> **Problem**
Your answer must be a word-for-word copy of the listing, with all pictures excluded.

> **Recorded data**
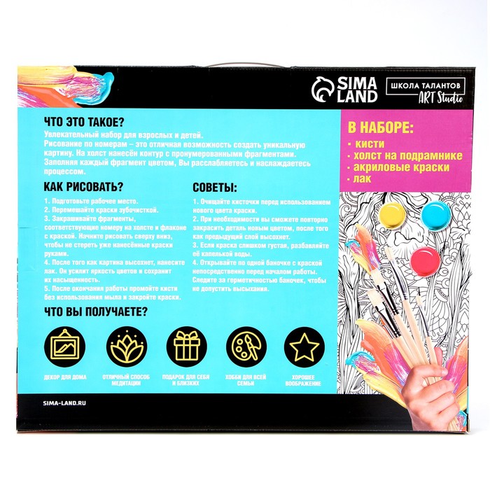 Холст разделён на множество мелких фрагментов, на каждом из которых указано число, соответствующее цвету, которым нужно закрасить данный участок. В набор входят все необходимые оттенки красок, каждый из которых пронумерован. Поначалу, когда вы только возьмёте холст в руки, будет сложно представить, что за чудесная картина получится в итоге! Но уверяем вас, результат превзойдёт все ожидания. Полотно с множеством оттенков, теней и красок будет выглядеть так, словно оно из музея.
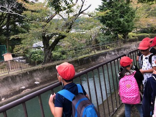 蹴上周辺を散策した後は,山科駅で下車し安祥寺水路橋を見に行きました。琵琶湖疏水の下に川が流れています。琵琶湖疏水の下に川が流れおり,疏水と川が交差するようになっていることに,子ども達はとても驚いていました。「このようなものを発案し,作った昔の人々はすごい!」といろいろな感想をもっていました。
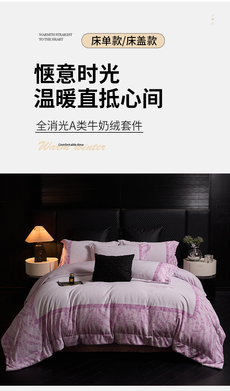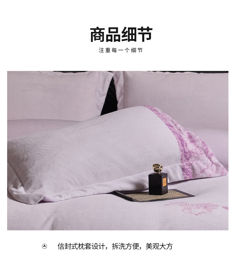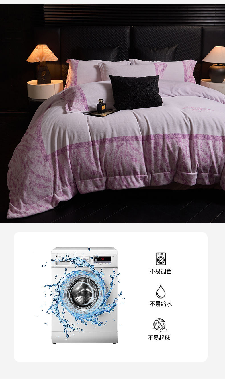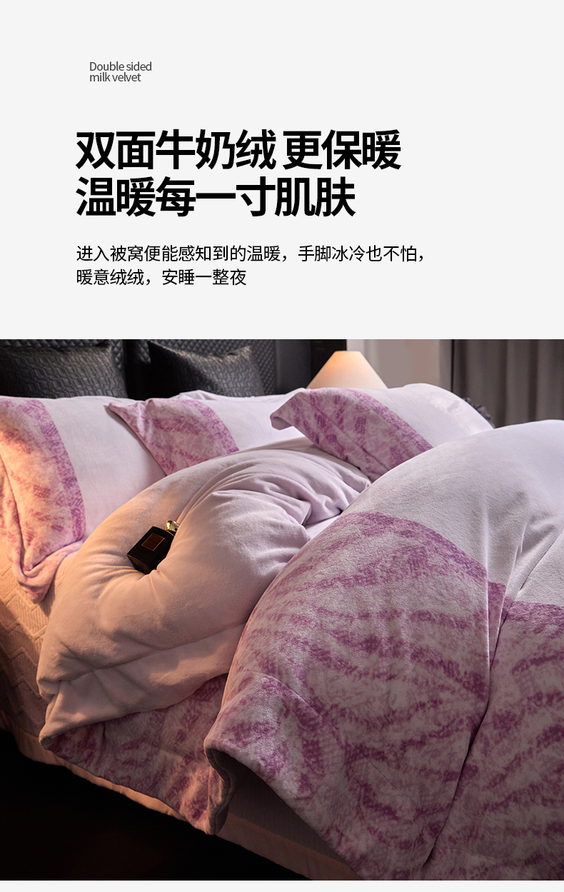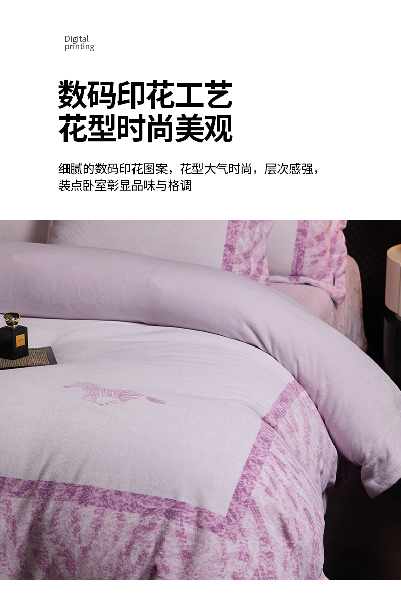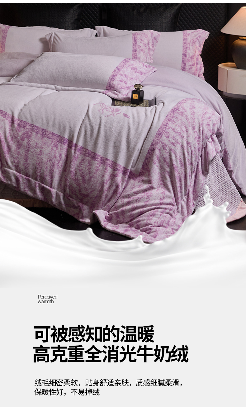 商品名称:新方向 2025新款240克全消光A类数码印花牛奶绒四件套床盖款-卡仑 卡仑-魅紫

> **Worked solution**
 Холст разделён на множество мелких фрагментов, на каждом из которых указано число, соответствующее цвету, которым нужно закрасить данный участок. В набор входят все необходимые оттенки красок, каждый из которых пронумерован. Поначалу, когда вы только возьмёте холст в руки, будет сложно представить, что за чудесная картина получится в итоге! Но уверяем вас, результат превзойдёт все ожидания. Полотно с множеством оттенков, теней и красок будет выглядеть так, словно оно из музея.
 蹴上周辺を散策した後は,山科駅で下車し安祥寺水路橋を見に行きました。琵琶湖疏水の下に川が流れています。琵琶湖疏水の下に川が流れおり,疏水と川が交差するようになっていることに,子ども達はとても驚いていました。「このようなものを発案し,作った昔の人々はすごい!」といろいろな感想をもっていました。
 商品名称:新方向 2025新款240克全消光A类数码印花牛奶绒四件套床盖款-卡仑 卡仑-魅紫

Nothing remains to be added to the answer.